Step 7: For each minority xi choose the nearest neighbor xk and generate the synthetic example as follows

si = x_i + rand(0,1) * |x_i – x_k|

3.5

Edited nearest neighbour (ENN)

The ENN is another method of under sampling by deleting selected samples. It uses K-nearest neighbors to locate those samples in a dataset for deletion. All instances which have been misclassified by the k-NN rule from the training set are removed.

Algorithm 5

ENN

Step 1: Let D is the original training set, and T is the edited set

Step 2: For each x_i in D remove x_k if it is misclassified using the k-NN rule

3.6

Condensed nearest neighbour (CNN)

CNN is under sampling technique which removes the samples from its K-nearest Neighbors. A subset of data is created which will be able to correctly classify the original data set using a one nearest neighbor rule. Take a random instance from D and create a subset T. Using subset T classify the remaining elements in D which does not match class using KNN Rule. x_I is randomly chosen from xn, CNN scans all members of x_n, and adds to T where x of x_n whose nearest prototype does not match in label with x_i. The algorithm scans x_n as many times as necessary, until all members of x_n have been absorbed or, equivalently, no more prototypes can be added to T.

Algorithm 6

CNN

Step 1: Let D be the original dataset(x1,x2,x3….xn)

Step 2: Take a random instance xi from D and create a Subset T

Step 3: Scan all members of D and add to T where x € T does not match class using KNN Rule and add it to T.

Step 4: Repeat step 3 until all members of x_i have been checked

Experimental setup

Imbalance Dataset: The Medical appointment dataset which is taken from kaggle website is an imbalanced binary classification problem. Sample snapshot of the no-show data set is given in below Figure 1. The dataset contains the Appointment Id, Gender, Scheduled day, Appointment day, Age, medical details and whether the patient turned up or not turned up (No-show)

Rebalancing framework for imbalanced data classification.

Sample records of medical appointment no-show dataset.

The most important feature in the dataset is whether the patient show-up or no-show to the appointment. The structured dataset used in the modeling and evaluation is 110.527×14 dataset with 20% of minority cases and 80% majority cases where No-show and Non_no-show cases as minority and majority classes respectively. As an experimental study 8,000 records were taken and the resampling framework is applied to the data to identify the best performance of the sampling strategy.

Choice of classifier: Several Conventional classifying algorithms are available in the field of machine learning like Logistic regression, Support vector machine, Random Forest, and Decision Trees for a classification problem. The choice of classifier plays a crucial role in classifying and prediction of imbalanced data. Many healthcare applications choose the classifier based on simplicity, Interpretability and computational efficiency. In this study, Decision tree is chosen as classifier which is a non linear algorithm. This classifier is applied on the different strategies of rebalanced data for the prediction of appointment no-shows. The decision tree is identified as the appropriate classifier based on the following reasons:

Successive splitting of the data space results in very fewer observations of minority class instances resulting in fewer leaves describing minority class and successively does the weaker confidence estimates.

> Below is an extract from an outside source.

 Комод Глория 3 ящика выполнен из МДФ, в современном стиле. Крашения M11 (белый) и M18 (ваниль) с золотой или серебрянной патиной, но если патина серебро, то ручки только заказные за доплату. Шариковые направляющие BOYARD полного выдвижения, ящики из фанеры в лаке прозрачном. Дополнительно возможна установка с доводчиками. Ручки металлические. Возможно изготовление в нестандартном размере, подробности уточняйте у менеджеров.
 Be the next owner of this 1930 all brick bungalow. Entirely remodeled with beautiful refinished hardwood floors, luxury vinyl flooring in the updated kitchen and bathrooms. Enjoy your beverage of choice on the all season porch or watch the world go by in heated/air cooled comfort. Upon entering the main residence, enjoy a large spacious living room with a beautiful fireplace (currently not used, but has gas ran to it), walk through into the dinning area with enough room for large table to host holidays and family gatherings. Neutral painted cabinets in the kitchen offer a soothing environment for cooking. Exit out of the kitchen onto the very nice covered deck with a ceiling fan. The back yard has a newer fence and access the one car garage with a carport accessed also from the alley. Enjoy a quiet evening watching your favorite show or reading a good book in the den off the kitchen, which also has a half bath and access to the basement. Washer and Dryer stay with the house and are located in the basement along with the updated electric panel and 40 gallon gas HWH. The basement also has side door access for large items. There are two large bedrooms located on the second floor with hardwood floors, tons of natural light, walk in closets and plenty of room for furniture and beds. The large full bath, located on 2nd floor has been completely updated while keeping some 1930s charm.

It supports weighted samples in decision trees.

Decision tree does not require parameter tuning.

Decision Tree performs well for both numerical as well as categorical data.

The height of the tree has logarithmic complexity, the cost of accessing any tree is very less compared to other models (Mehndiratta & Soni, 2019).

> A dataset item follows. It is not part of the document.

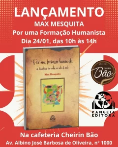 O lançamento nacional em sessão de autógrafos do livro Por uma formação humanista: as disciplinas de exatas em sala de aula, de Max Mesquita, ocorreu anteontem, 24 de janeiro de 2026, no CB to go Barão Geraldo, em Campinas, SP. O livro “amalgama campo empírico, teoria e metodologia de modo irrepreensível, com grande força de sentimentos”, anota a orientadora da pesquisa original, Profa. Nima Spigolon (Unicamp), em texto que está nas orelhas do livro.

Performance Metrics: The choice of metrics plays a vital role for evaluating the best sampling models for medical appointment no-show dataset. The chosen metric captures the details of a model and its predictions, which are most important to the experiment. This study concentrates on the following metric for skewed class distributions:

Recall = True Positive/(True Positive+False Negative)

Precision = True Positive/(True Positive+False Positive)

F1 Score = Harmonic mean of precision and Recall

AUCROC indicates how well the probabilities from the positive classes are separated from the negative classes.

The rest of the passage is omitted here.